The Data Brew Podcast
AI in Practice : Why Building It Yourself Is Harder Than It Looks
Abhay Jajoo, founder and CEO of Customer Insights.ai, joins Telmo Silva for a wide-ranging conversation about data complexity in life sciences, the architecture behind intelligent agentic systems, and the real cost of the build-versus-buy debate in the age of AI. With 40 years in pharma analytics, Abhay brings a grounded, no-nonsense perspective on what it actually takes to turn messy industry data into decisions that move the needle, and why getting the architecture right is the only bet that survives every technology wave.
Questions We Asked
- Why is pharma data so much more complex than data in any other industry, and has regulation really changed anything over the years?
- What does it mean to build an AI system that is truly LLM agnostic, and why does it matter when token costs can vary 100x between providers?
- Can companies really build their own agentic analytics systems, or is the “build it ourselves” wave about to hit a wall?
What We Learned
- Complexity in pharma data is not about volume. It is about variety: different sources, different structures, different rules for every drug, every market, every disease area.
- Architecture reigns supreme. Being data agnostic, infrastructure agnostic and LLM agnostic is not a constraint, it is the only sustainable design choice in a market where providers change faster than contracts.
- The “build ourselves” wave is real but fragile. Boards are pouring AI budgets into IT teams that are great at maintaining systems but not at solving business problems. Most projects run out of money before they have anything to show.
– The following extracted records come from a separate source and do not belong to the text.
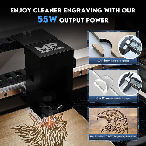 With the Monport ONYX 55W, you can accomplish your projects in less time, thanks to its higher laser power. The increased cutting speed allows for quicker turnaround times and boosts overall productivity. Spend less time waiting for your projects to be completed and more time bringing your creative ideas to life.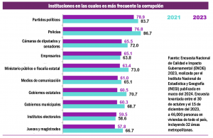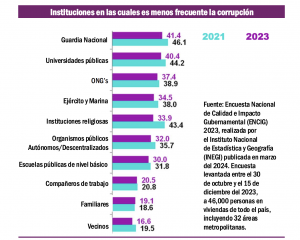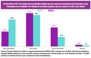 Por otra parte, en Yucatán el 68.7 por ciento de la población admite que los actos de corrupción son frecuentes y muy frecuentes en su entidad. Por debajo de la media nacional, que en el país es de 83.1 por ciento. Los yucatecos identifican a los partidos políticos como las instituciones más corruptas, segudos de los policías, así como diputados y senadores. En contraste, la gente considera menos propensas a la corrupción los vecinos y los familiares.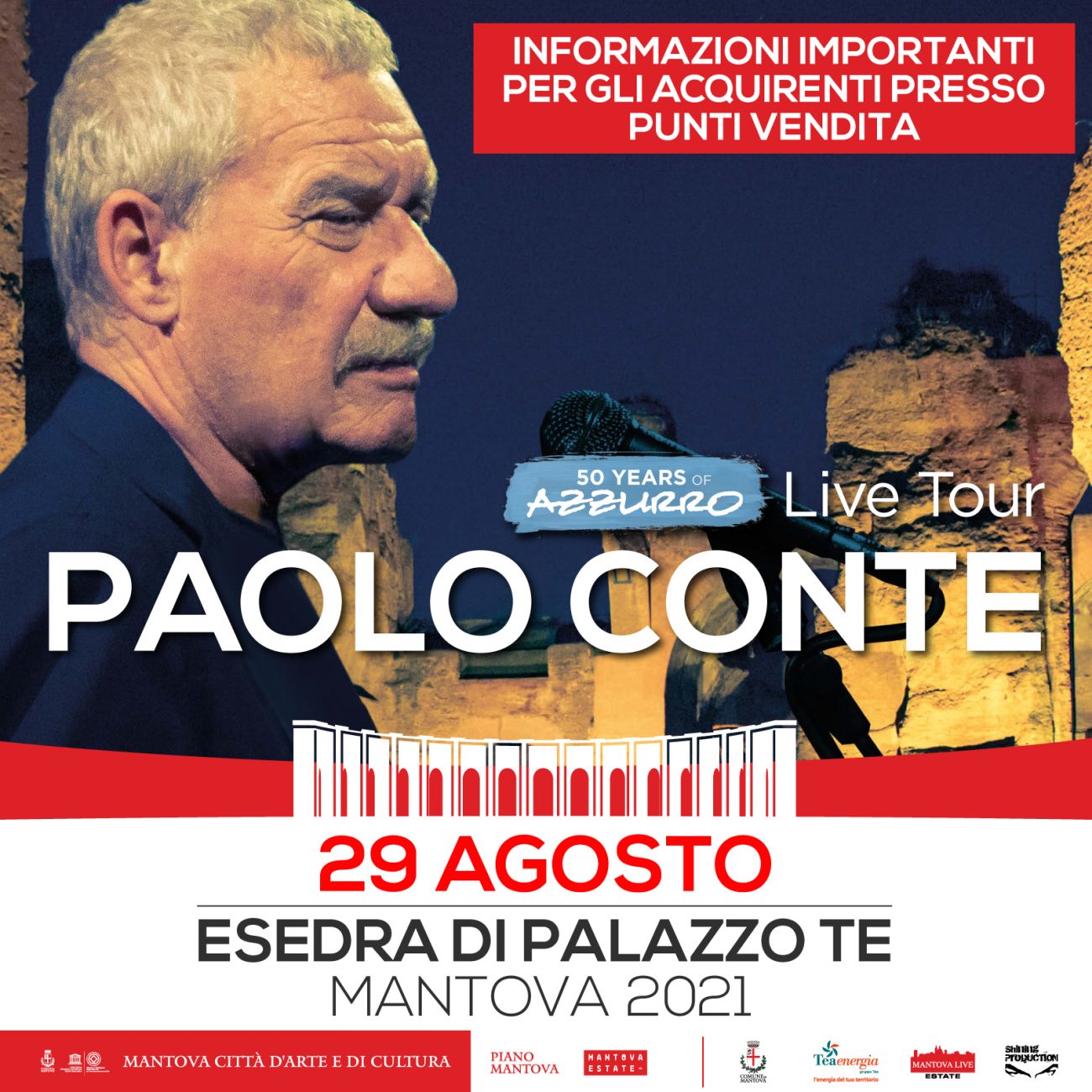 PAOLO CONTE A PALAZZO TE, MANTOVA Comunicazione per gli acquirenti dei biglietti presso Punti Vendita Chi avesse acquistato presso BoxOffice o altri Punti Vendita Ticketone è invitato a scrivere alla mail info@shiningproduction.com per avere tutte le informazioni sul ricollocamento del posto acquistato. In alternativa è possibile recarsi presso l’INFO POINT che sarà attivo a Palazzo Te il giorno dell’evento …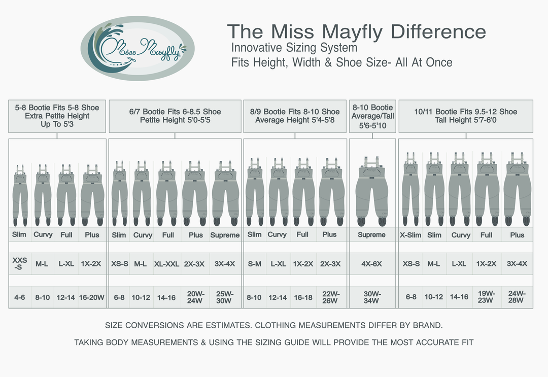 You should choose booties that fit your feet. Likewise, you should choose wading boots that fit your feet. Although varied brands have different wading boot sizing standards, Miss Mayfly has removed this confusion and created our booties and wading boots to fit in line with standard women's US shoe sizes. Please see wading boot FAQ or our wading boot blog for more information.

- Hypervertical AI is the next frontier. The third wave of AI innovation will not come from Nvidia or OpenAI. It will come from narrow, industry-specific companies that encode decades of domain knowledge into deployable, maintainable products.
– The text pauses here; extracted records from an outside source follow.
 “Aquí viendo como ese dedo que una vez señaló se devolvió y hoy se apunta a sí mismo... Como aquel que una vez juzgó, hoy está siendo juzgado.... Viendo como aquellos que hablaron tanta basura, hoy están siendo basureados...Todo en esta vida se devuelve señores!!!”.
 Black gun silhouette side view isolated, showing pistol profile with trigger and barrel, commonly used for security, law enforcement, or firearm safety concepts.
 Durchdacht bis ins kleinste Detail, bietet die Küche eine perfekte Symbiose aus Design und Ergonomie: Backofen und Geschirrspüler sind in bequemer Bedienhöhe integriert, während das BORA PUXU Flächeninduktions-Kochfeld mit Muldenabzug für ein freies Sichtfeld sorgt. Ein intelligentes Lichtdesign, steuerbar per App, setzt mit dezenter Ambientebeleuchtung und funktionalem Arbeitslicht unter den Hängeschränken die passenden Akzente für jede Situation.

Forty Years in Pharma, One Core Problem
Abhay Jajoo spent the first part of his career at IMS Health, one of the world’s largest pharmaceutical data companies, where he and Telmo Silva both worked. That shared background is the foundation of the episode. The conversation opens with a detailed breakdown of how the pharma commercial ecosystem actually works: providers, payers and life sciences companies, three distinct segments with different data, different incentives and different analytical needs. Telmo draws the contrast sharply: selling a can of Coke gives you a complete, traceable data trail. Selling a drug gives you abstraction at every step, a doctor who can be overridden by a pharmacist who can be overridden by an insurer.
To me, the complexity comes not from volume. It comes from variety.
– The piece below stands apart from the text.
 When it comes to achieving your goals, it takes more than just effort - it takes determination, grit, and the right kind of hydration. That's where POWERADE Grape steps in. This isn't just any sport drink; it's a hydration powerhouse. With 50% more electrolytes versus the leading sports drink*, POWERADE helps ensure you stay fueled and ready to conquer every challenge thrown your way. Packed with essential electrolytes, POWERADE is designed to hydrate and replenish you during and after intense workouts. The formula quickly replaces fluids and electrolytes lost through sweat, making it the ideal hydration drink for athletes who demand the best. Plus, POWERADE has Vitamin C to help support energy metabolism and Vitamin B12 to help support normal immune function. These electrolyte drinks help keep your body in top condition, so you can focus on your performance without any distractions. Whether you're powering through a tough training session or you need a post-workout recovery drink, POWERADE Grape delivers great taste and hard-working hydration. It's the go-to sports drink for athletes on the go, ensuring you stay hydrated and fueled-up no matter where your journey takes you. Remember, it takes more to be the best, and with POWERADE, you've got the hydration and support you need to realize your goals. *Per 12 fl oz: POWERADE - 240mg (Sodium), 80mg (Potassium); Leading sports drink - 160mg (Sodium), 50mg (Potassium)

Abhay Jajoo, Founder and CEO, Customer Insights.ai
That insight shapes everything Abhay has built. His first product, Parthenon, was designed around a simple observation: prescription data for a cholesterol drug and prescription data for a diabetes drug look structurally identical. Standardize the ingestion, standardize the transformation, build the visualizations once, and you can serve any pharma company in minutes instead of months.
From Parthenon to Athena: When Agents Replace Workflows
The shift from Parthenon to Athena is the architectural pivot at the heart of the episode. Where Parthenon hardcoded workflows and visualizations, Athena replaces them with intelligent agents, each one understanding its environment, knowing what data it needs, and operating inside an orchestration layer that ties them together. The user interface collapses to a conversation. Training costs drop. Adoption accelerates. And the 40 applications built on Parthenon are now being re-released as use cases inside Athena, one by one.
The key architectural decision is agnosticism: agnostic to the database, to the cloud provider, to the LLM. Abhay explains why with a single data point. Anthropic charges $56 per million tokens. Open source models charge 56 cents. A business that bets its cost structure on a single LLM provider is one pricing decision away from a broken model. The IP at Customer Insights.ai is not the tooling. It is the pharma metadata, the analytical workflows and the standard operating procedures that tell the agents what to do when a question arrives.
The Build Trap
Both Telmo and Abhay are watching the same wave hit their respective markets. Boards are allocating AI budgets. CIOs are receiving the money. Six-month requirement-gathering projects begin. Token budgets evaporate on experimentation. And five months in, there is nothing in production.
Abhay is direct about where this leads: building is easy, maintaining is not. A bug in a prompt-engineered system is not a two-line fix. The companies that have already gone down this road in other industries are starting to come back. The happy medium, in his view, is a clear boundary between what a company should own internally and what an industry-specific provider should deliver pre-built, pre-validated and ready to deploy.
Three Waves, One Bet
The episode closes on what Abhay sees as the map of AI innovation. The first wave is infrastructure, the Nvidias and data centers fighting a CapEx battle that will shake out within a year. The second wave is horizontal platforms, the Snowflakes and CRMs gaining conversational interfaces. The third wave, still about two years out, is hypervertical: narrow companies solving specific industry problems better than any general-purpose tool ever could. That is where both Telmo and Abhay are placing their bets. And in both cases, the foundation is the same: get the architecture right before anything else.